Wing asymmetry of the honey bee as an environmental indicator

Many living organisms have a symmetrical structure, but their symmetry is usually not perfect and individual specimens may deviate from it to varying degrees. On account of its distinct bilateral body symmetry and easy access to a large number of individuals of known origin, the honey bee is an ideal species to study the phenomenon.
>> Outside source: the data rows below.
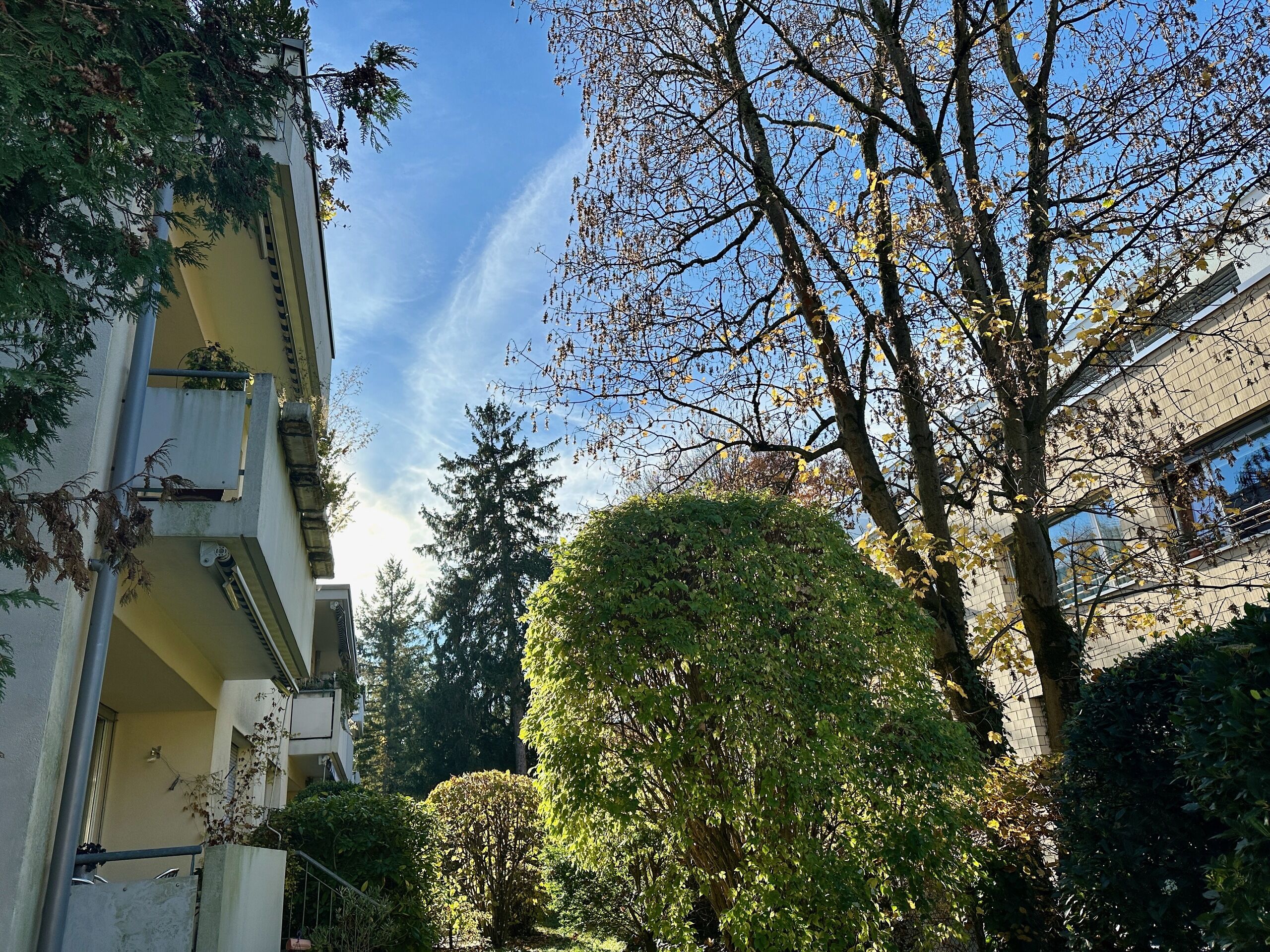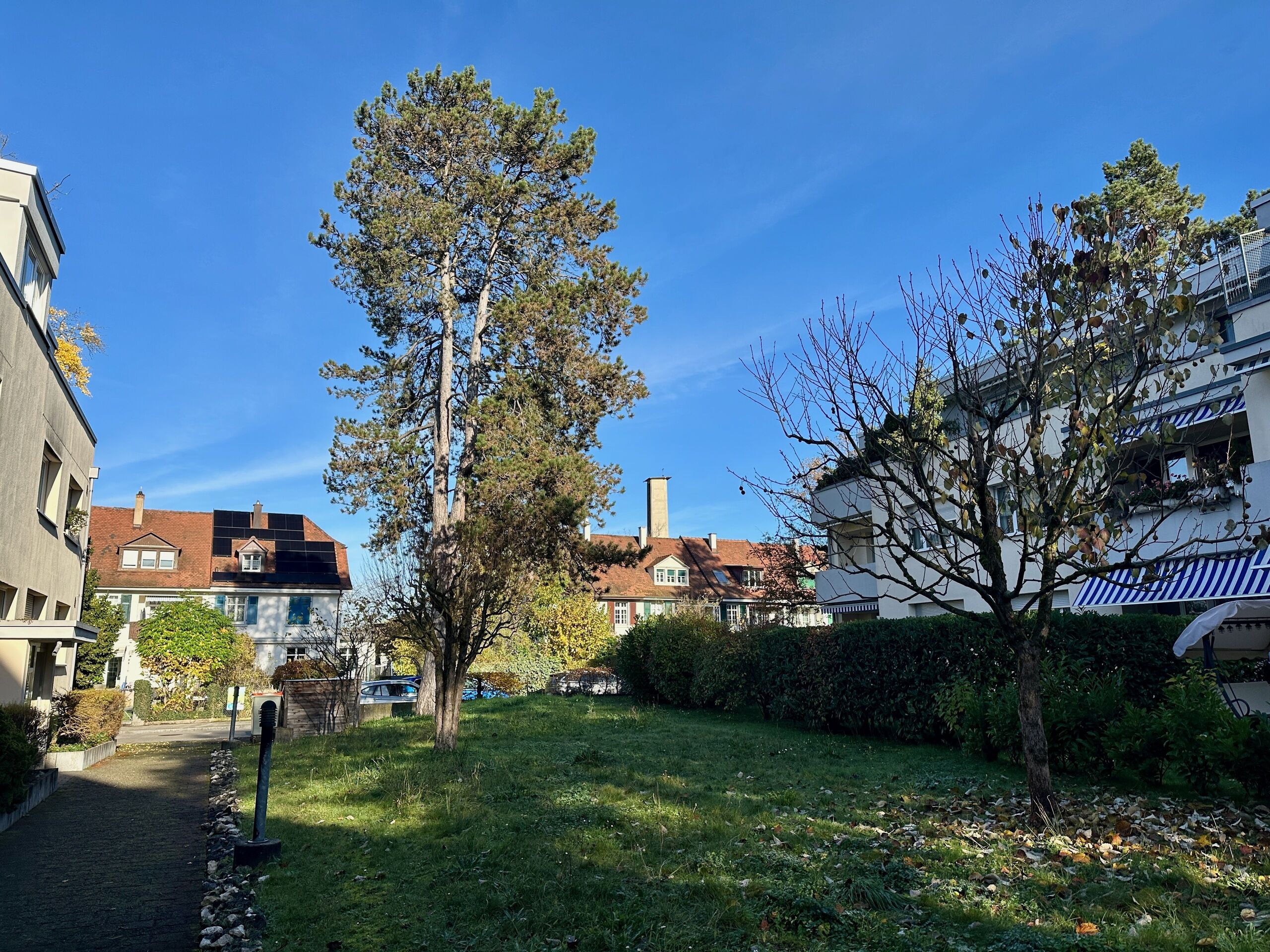 Das Herzstück der Wohnung ist das grosse und helle Wohnzimmer mit einer grossen Fensterfront und einem Blick ins Grüne. Von diesem Raum aus gelangen Sie auf den Balkon. Der Balkon bietet einen Blick auf alte Bäume und in die Natur. Er ist überdacht und an einem kleinen Tisch können Sie den Alltag ausklingen lassen und den Feierabend zu beginnen. Für Morgenmenschen bietet er die perfekte Gelegenheit, den ersten Espresso mit Vogelgezwitscher zu geniessen.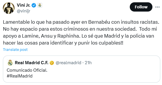 비니시우스도 곧바로 해당 발언을 한 팬들을 규탄했다. 자신의 X(구 트위터)를 통해 “베르나베우에서 인종차별적 모욕이 나온 데 유감을 표한다. 그런 범죄가 우리 사회에 설 자리는 없다. 야말과 안수 파티, 하피냐에게 무한한 지지를 보낸다. 레알과 마드리드 경찰은 그들을 찾아내 처벌할 것”이라며 강력한 대응을 촉구했다.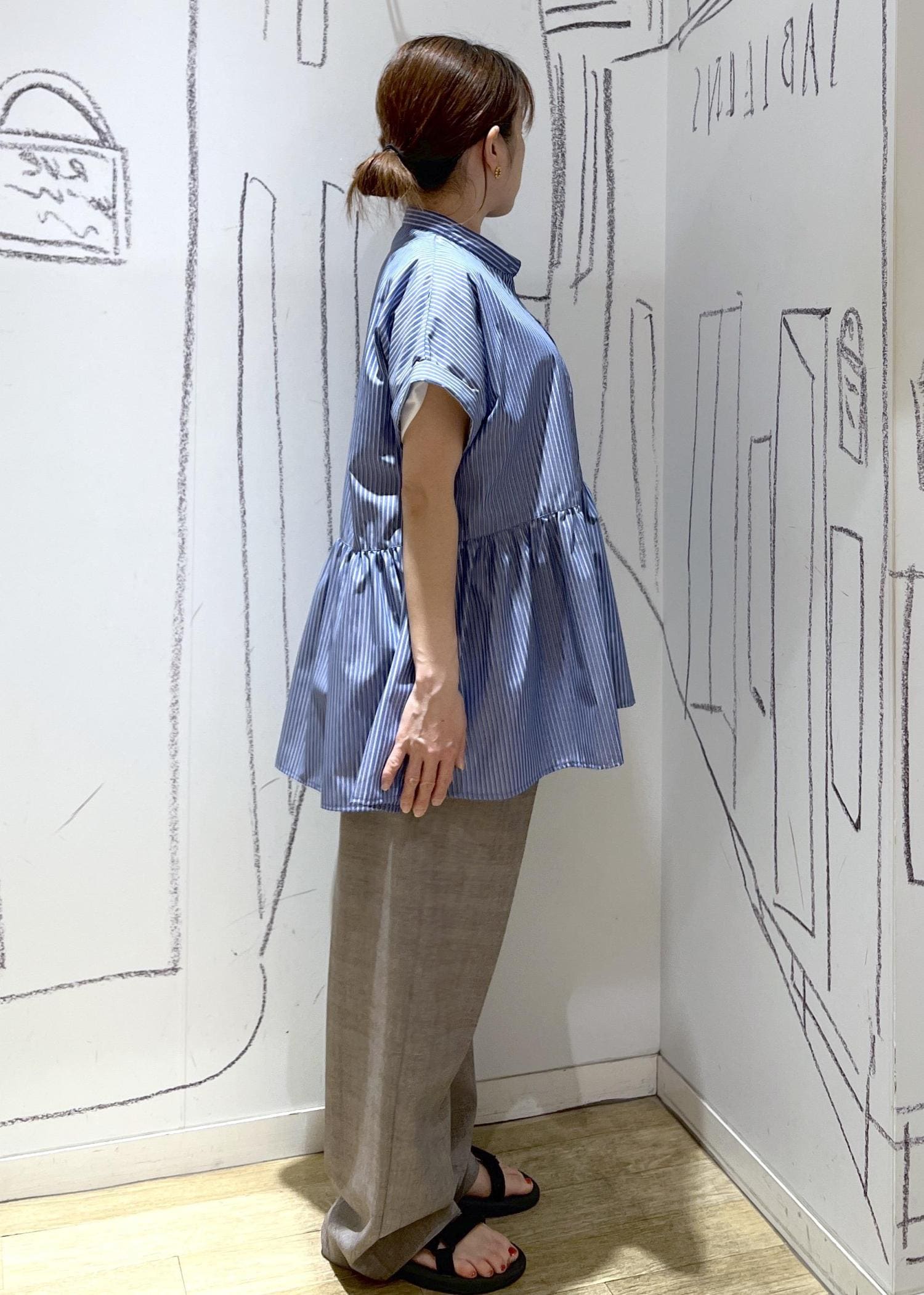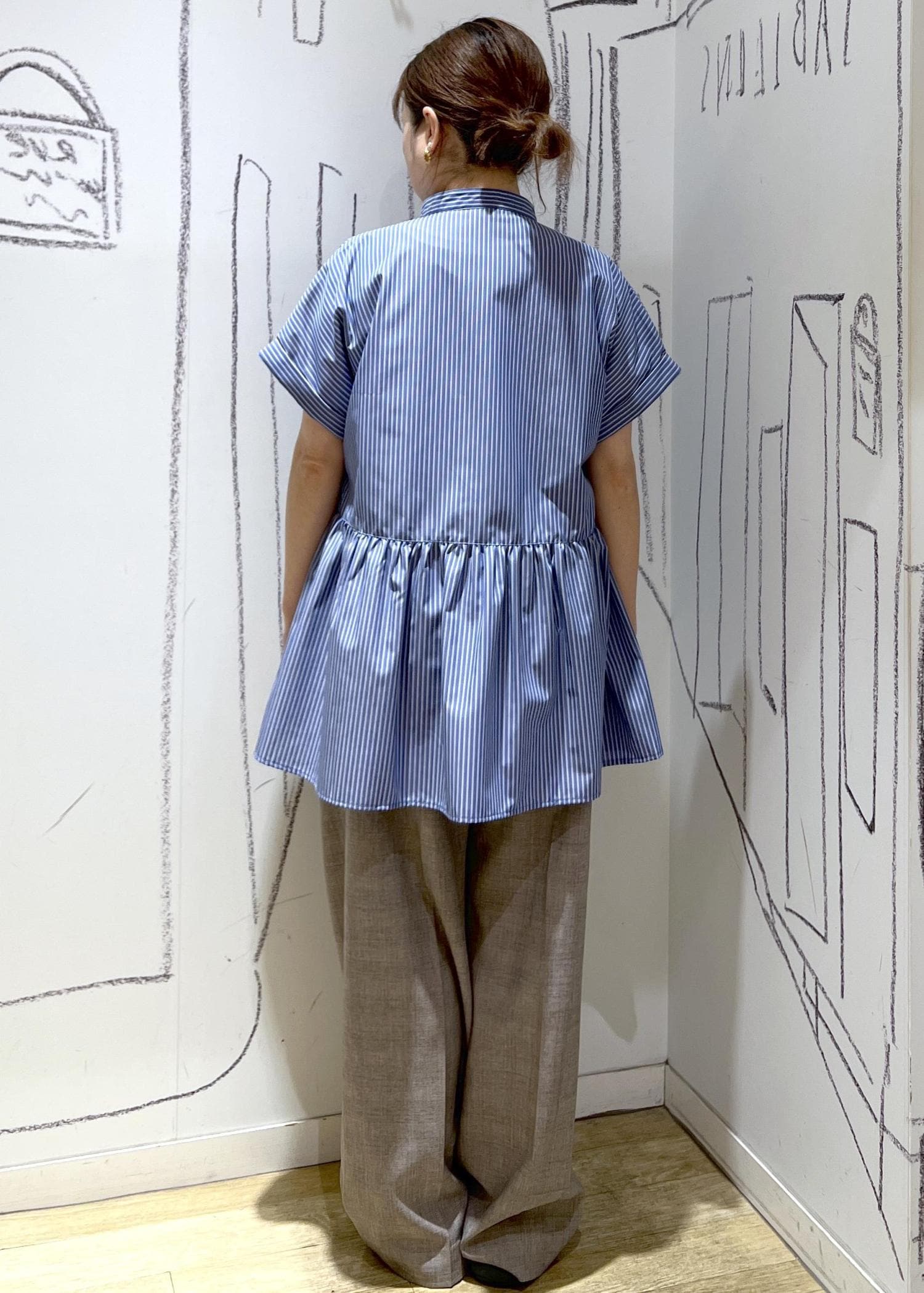 高い位置での切り替えでスッキリ着れるペプラムシャツのコーディネートです!

Bee colonies normally comprise tens of thousands of worker bees with kinship ties that can be easily discovered and controlled. Importantly, bees have many symmetrical organs, such as two pairs of membranous wings, which lend themselves to simple measurement because of their flat surfaces and easily discernible vein patterns. In honey bees, right wings and left wings are never ideally symmetrical in terms of shape and size. Even though the differences between them are relatively small, precise studies on large groups have confirmed that the right wing tends to be larger than the left. This kind of asymmetry, similar to right-handedness in humans, is known as directional asymmetry as opposed to fluctuating asymmetry, where the differences between the two sides are random and result in the same average size. Asymmetry may grow owing to the detrimental impact of the environment during larval development; for this reason, it is a good indicator of environmental quality. Knowing this may prove particularly useful today, when the mortality of bee colonies is on the rise. Unlike fluctuating asymmetry, directional asymmetry has not yet been extensively studied. It may be surprising to observe it in the wings of the honey bee, since simple intuition suggests that symmetrical wings should be much better for flying. There are two possible explanations. One holds that while bees would indeed fly more efficiently with symmetrical wings, detrimental conditions during development make ideal symmetry difficult to achieve. The other interprets wing asymmetry as an adaptation to the very exigencies of flight.
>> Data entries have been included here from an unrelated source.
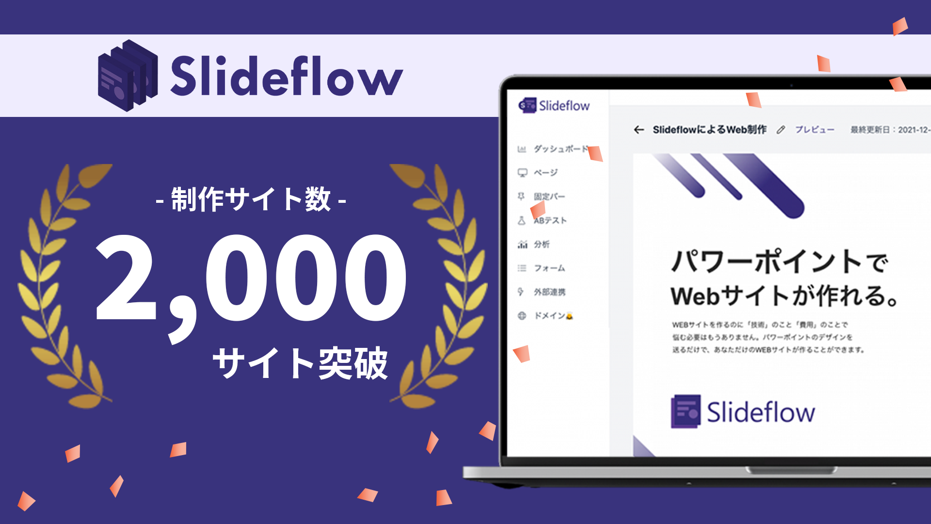 パワポでWebサイトが作れる「Slideflow」を利用したサイトが 2,000 サイトを突破!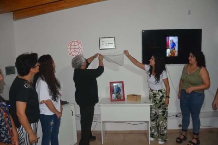 Aidé, su esposa, e hijos de José Luis Macías, a Johana Sánchez Coordinadora de punto digital Malargüe, a la directora de la Agencia de desarrollo educativo Prof. Verónica Bunsters realizaron el descubrimiento de una placa.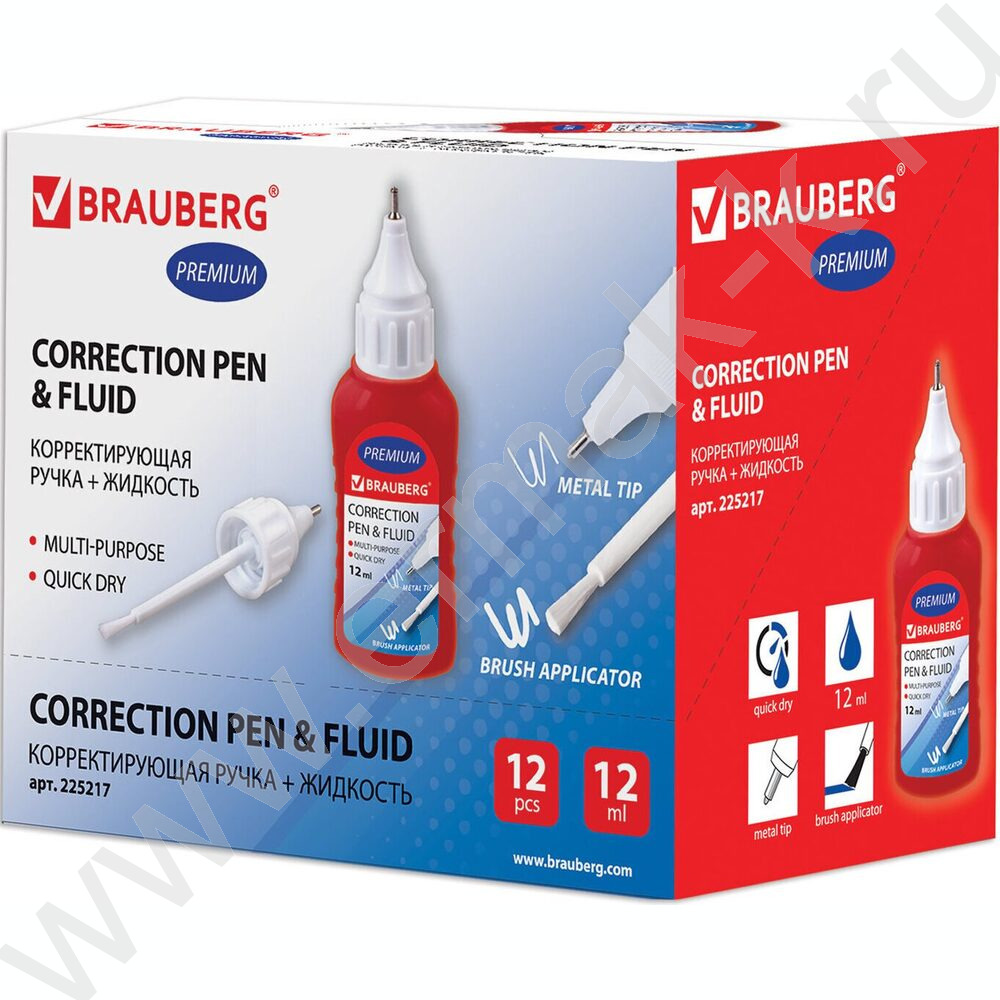 Ручка-корректор + корректирующая жидкость 12мл., 2 в 1: метал наконечник + кисточка

The research team has developed a new automatic wing measurement method that relies on computer image analysis to measure a wide range of traits in a large group of bees. In general, larger bees have been shown to be less asymmetrical. Currently, the team is investigating wing asymmetry in specimens raised in optimal and stressful conditions to determine the impact of pesticides, low temperatures, inbreeding, and a number of other factors. Preliminary findings suggest that wing asymmetry is found in honey bees independent of the presence of environmental stressors. Further research should provide additional evidence concerning the influence of asymmetry on flight.